御曹司は魔法使い⁉︎ ② 〜私達、結婚式を挙げます!〜

「国内留学、突然決まっちゃって。
なんの相談もなくて…。しかも、偶然とは思えない…。どうして花さんのいるこの病院に…。それに東京へ行ってから、ほとんど連絡取れなくなっちゃって…。
夜中に一言メッセージが返ってくるくらいで…私…。」

「あ、あの、ちょっと待って?
香ちゃん、私達は幼馴染だよ?今まで付き合った事なんて一度もないよ。
昇平から聞いてないかな?」

「…聞いてます。
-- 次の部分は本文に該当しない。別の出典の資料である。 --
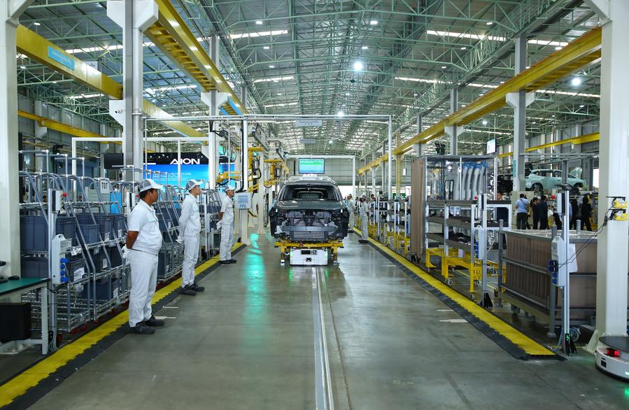 This photo taken on Jul. 17, 2024 shows a view of the electric vehicle (EV) factory of China’s carmaker GAC Aion in Rayong province, Thailand. (Photo/Xinhua)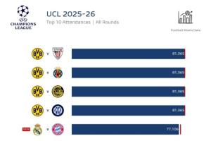 最高81365人!歐冠上座榜:多特4場滿座并列榜首,皇馬vs拜仁第五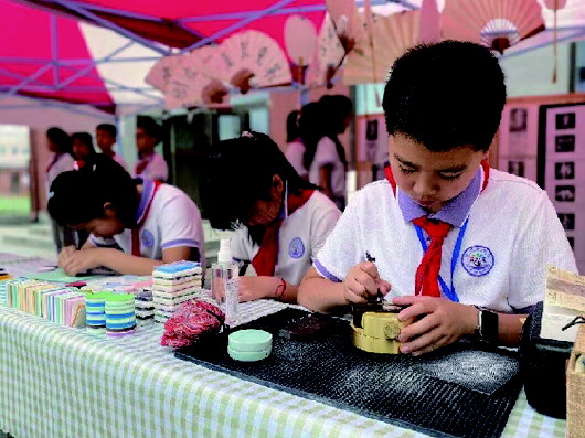 六一儿童节当天,沈阳路小学组织了“黄河情·家国梦·少年志”跨学科项目化学习成果展示,孩子们展示了学做豆腐、造纸、面塑、篆刻等传统技能。 记者 高洪超 通讯员 曹海莲 摄影报道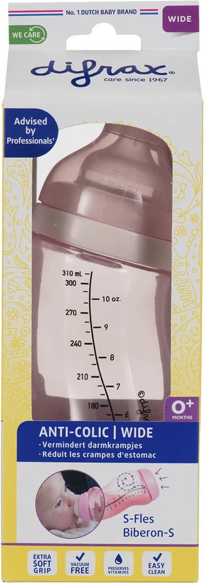 De Difrax S-fles Wide 310 ml Blossom is de populairste babyfles voor baby, papa en mama. Het speciale anti-darmkrampjes ventiel en de S-vorm zorgen voor een constante stroom van flesvoeding. De S-fles Anti-colic is vanaf de geboorte te gebruiken en ideaal in combinatie met borstvoeding. Ook fijn als papfles te gebruiken.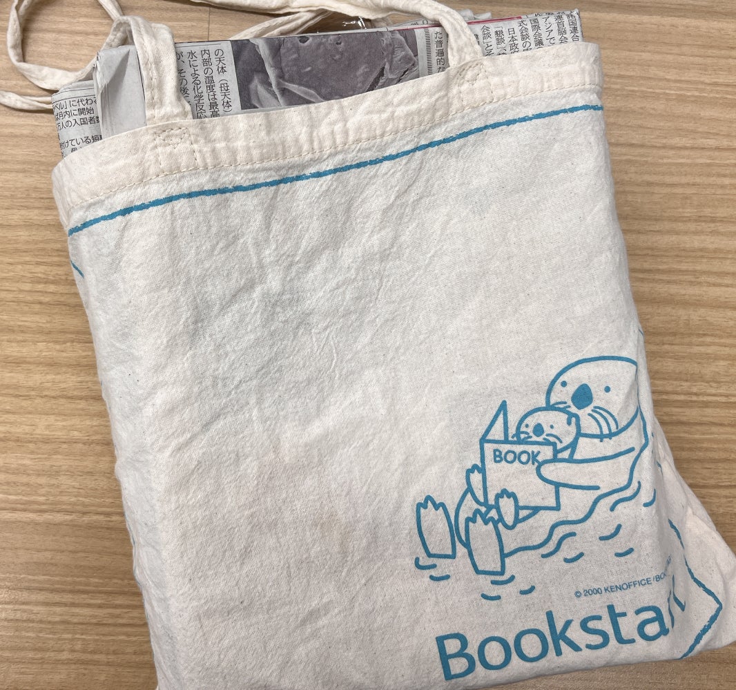 このトートバッグ、ブックスタートといって赤ちゃんへ読み聞かせしながら絵本を配る事業のものです。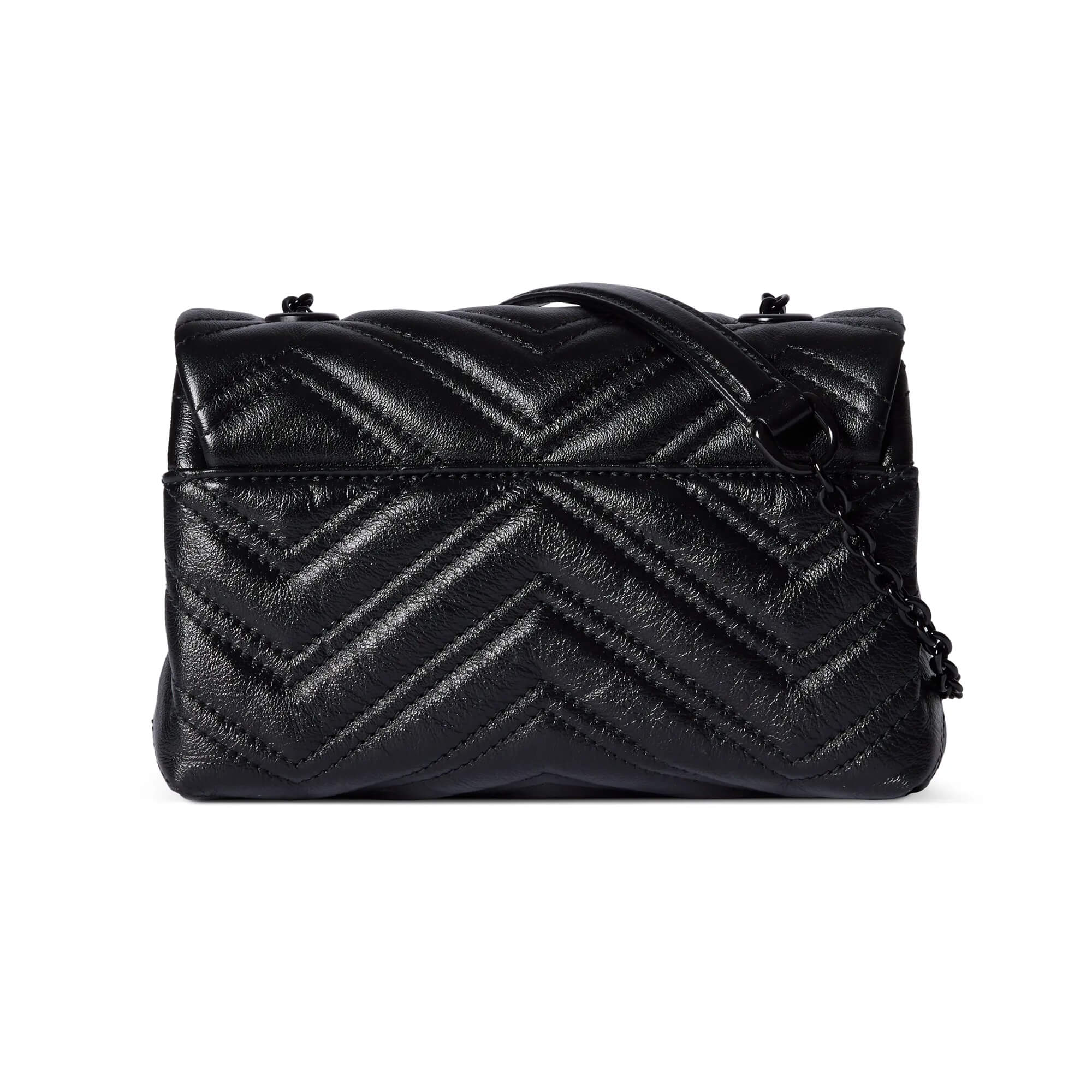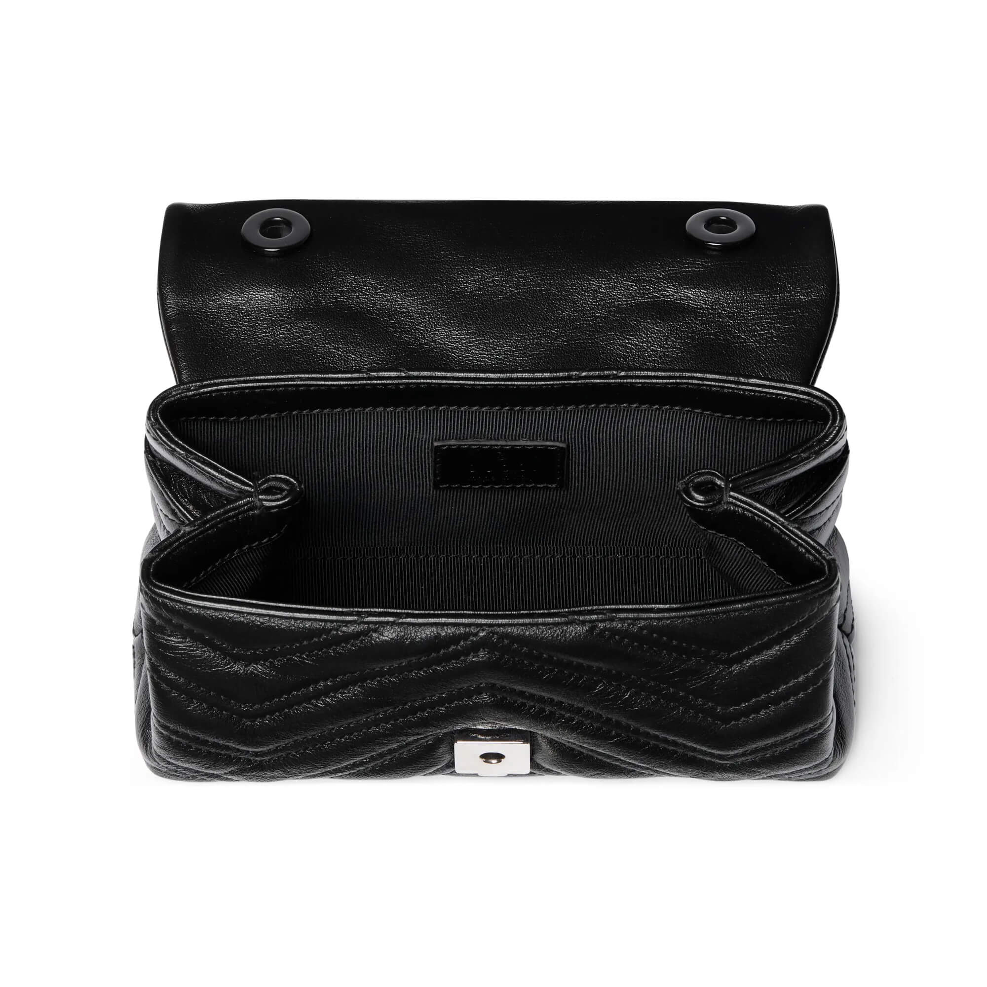 תיק מעור nappa matelassé בצבע שחור עם תיפורים בדוגמת שברון

でも、そんなの口先だけでしょう?高校までずっと1番近くにいたじゃない‼︎」

いや、それはそうだけど…

「ちょ、ちょっと落ち着いて?
本当に何もないよ? それに私、今は…」



タラリララーン♪タラリララーン♪タラリラ…


コンシェルジュから連絡だ。
母と仁貴だろう。
これで誤解が解ける!

「コンシェルジュ佐原です。お母様がお越しです。」

「はーい。上がってもらってください。」

「あの…私、お邪魔していても?」

「あ、全然気にしないで。
それに…すぐに誤解も解けると思うから。」

「…誤解、ですか?
でも、昇平とあなたの関係は…私達が何年付き合っていようと、揺るがない…。」

「それは幼馴染としてよ?
それに、私達は幼馴染と言うよりは親友だから。それも昇平から聞いてない?」

「親友って……
男女間にあり得ないと思うんですけど…」

それが私達の間には友情が成り立つんだなー。